В первой карете сидели четверо детей Диккенса, оставшихся в Англии, — Чарли, Гарри, Мери и Кейти.
Во второй находились Джорджина, сестра Диккенса Летиция (с ней он почти не общался при жизни), жена его сына Чарли и Джон Форстер (который, несомненно, хотел бы ехать в первой карете, если не в самом гробу рядом со своим господином).
А в третьей помещались душеприказчик Диккенса Фредерик Уври, его преданный (пусть и не всегда благоразумный) врач Фрэнк Берд, мой брат Чарльз и я.
Колокола церкви Святого Стефана отбивали половину десятого утра, когда наша маленькая процессия достигла ворот Вестминстерского аббатства. Сведения о похоронах не просочились за пределы узкого круга друзей и близких покойного — маленькая победа Неподражаемого над прессой, — и народ не выстраивался вдоль улиц по ходу нашего движения. Посетителей в тот день в аббатство не пускали.
Когда наши экипажи въехали во двор, все большие колокола начали звонить. С помощью нескольких мужчин помоложе мы пронесли гроб по западному нефу Вестминстерского собора в южный трансепт, в Уголок поэтов.
О, если бы люди, несшие гроб вместе со мной, и прочие скорбящие могли прочитать мои мысли, когда мы опустили сей простой деревянный ящик в могилу в Уголке поэтов! Интересно, произносилось ли мысленно еще когда-нибудь в стенах Вестминстерского аббатства столько непотребных ругательств и проклятий, хотя иные из погребенных там поэтов наверняка присоединились бы ко мне, если бы их мозг по-прежнему работал, а не гнил под землей.

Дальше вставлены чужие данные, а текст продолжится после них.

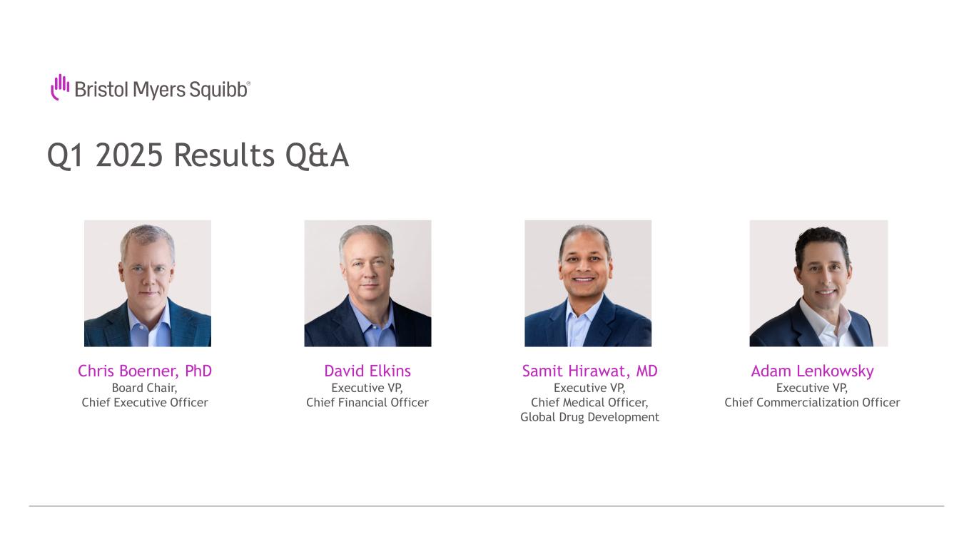 Not for Product Promotional UseQ1 2025 Results Forward Looking Statements and Non-GAAP Financial Information 2 This presentation contains statements about Bristol-Myers Squibb Company’s (the “Company”) future financial results, plans, business development strategy, anticipated clinical trials, results and regulatory approvals that constitute forward-looking statements for purposes of the safe harbor provisions under the Private Securities Litigation Reform Act of 1995. All statements that are not statements of historical facts are, or may be deemed to be, forward-looking statements. Actual results may differ materially from those expressed in, or implied by, these statements as a result of various factors, including, but not limited to: (i) new laws, government actions and regulations, including with respect to pricing controls and market access and the imposition of new tariffs, trade restrictions and export regulations, (ii) our ability to obtain, protect and maintain market exclusivity rights and enforce patents and other intellectual property rights, (iii) our ability to achieve expected clinical, regulatory and contractual milestones on expected timelines or at all, (iv) difficulties or delays in the development and commercialization of new products, (v) difficulties or delays in our clinical trials and the manufacturing, distribution and sale of our products, (vi) adverse outcomes in legal or regulatory proceedings, (vii) risks relating to acquisitions, divestitures, alliances, joint ventures and other portfolio actions and (viii) political and financial instability, including changes in general economic conditions. These and other important factors are discussed in the Company’s most recent annual report on Form 10-K and reports on Forms 10-Q and 8-K. These documents are available on the U.S. Securities and Exchange Commission’s website, on the Company’s website or from Bristol- Myers Squibb Investor Relations. No forward-looking statements can be guaranteed. In addition, any forward-looking statements and clinical data included herein are presented only as of the date hereof. Except as otherwise required by applicable law, the Company undertakes no obligation to publicly update any of the provided information, whether as a result of new information, future events, changed circumstances or otherwise. This presentation includes certain non-generally accepted accounting principles (“GAAP”) financial measures that we use to describe the Company’s performance. The non-GAAP financial measures are provided as supplemental information and are presented because management has evaluated the Company’s financial results both including and excluding the adjusted items or the effects of foreign currency translation, as applicable, and believes that the non-GAAP financial measures presented portray the results of the Company’s baseline performance, supplement or enhance management’s, analysts’ and investors’ overall understanding of the Company’s underlying financial performance and trends and facilitate comparisons among current, past and future periods. This presentation also provides certain revenues and expenses excluding the impact of foreign exchange (“Ex- FX”). We calculate foreign exchange impacts by converting our current-period local currency financial results using the prior period average currency rates and comparing these adjusted amounts to our current-period results. Ex-FX financial measures are not accounted for according to GAAP because they remove the effects of currency movements from GAAP results. The non-GAAP information presented herein provides investors with additional useful information but should not be considered in isolation or as substitutes for the related GAAP measures. Moreover, other companies may define non-GAAP measures differently, which limits the usefulness of these measures for comparisons with such other companies. We encourage investors to review our financial statements and publicly filed reports in their entirety and not to rely on any single financial measure. An explanation of these non-GAAP financial measures and a reconciliation to the most directly comparable financial measure are available on our website at www.bms.com/investors. Also note that a reconciliation of forward-looking non-GAAP measures, including non-GAAP earnings per share (EPS), to the most directly comparable GAAP measures is not provided because comparable GAAP measures for such measures are not reasonably accessible or reliable due to the inherent difficulty in forecasting and quantifying measures that would be necessary for such reconciliation. Namely, we are not, without unreasonable effort, able to reliably predict the impact of accelerated depreciation and impairment charges, legal and other settlements, gains and losses from equity investments and other adjustments. In addition, the Company believes such a reconciliation would imply a degree of precision and certainty that could be confusing to investors. These items are uncertain, depend on various factors and may have a material impact on our future GAAP results. Certain information presented in the accompanying presentation may not add due to the use of rounded numbers.

Прозвучало несколько коротких надгробных слов. Я не помню, кто и что говорил. Не было ни певчих, ни хора, но незримый органист заиграл похоронный марш, когда скорбящие потянулись вереницей к выходу. Я немного задержался и с минуту стоял у могилы один. Самые кости моего тучного тела вибрировали от органных басов, и меня позабавила мысль, что кости Диккенса точно так же вибрируют в гробу.
«Знаю, ты бы предпочел, чтобы твои кости упокоились в безвестии в стене склепа с останками одного из любимых стариканов Дредлса», — мысленно сказал я своему другу и врагу, глядя на скромный гроб. На добротных дубовых досках красовалось лишь два слова: ЧАРЛЬЗ ДИККЕНС.
«Все равно, даже этого слишком много для тебя, — подумал я, когда наконец двинулся к выходу, чтобы присоединиться к остальным. — Слишком много. И это еще только начало».
После стылого сумрака, царившего под высокими каменными сводами аббатства, солнечный свет показался беспощадно жарким и ярким.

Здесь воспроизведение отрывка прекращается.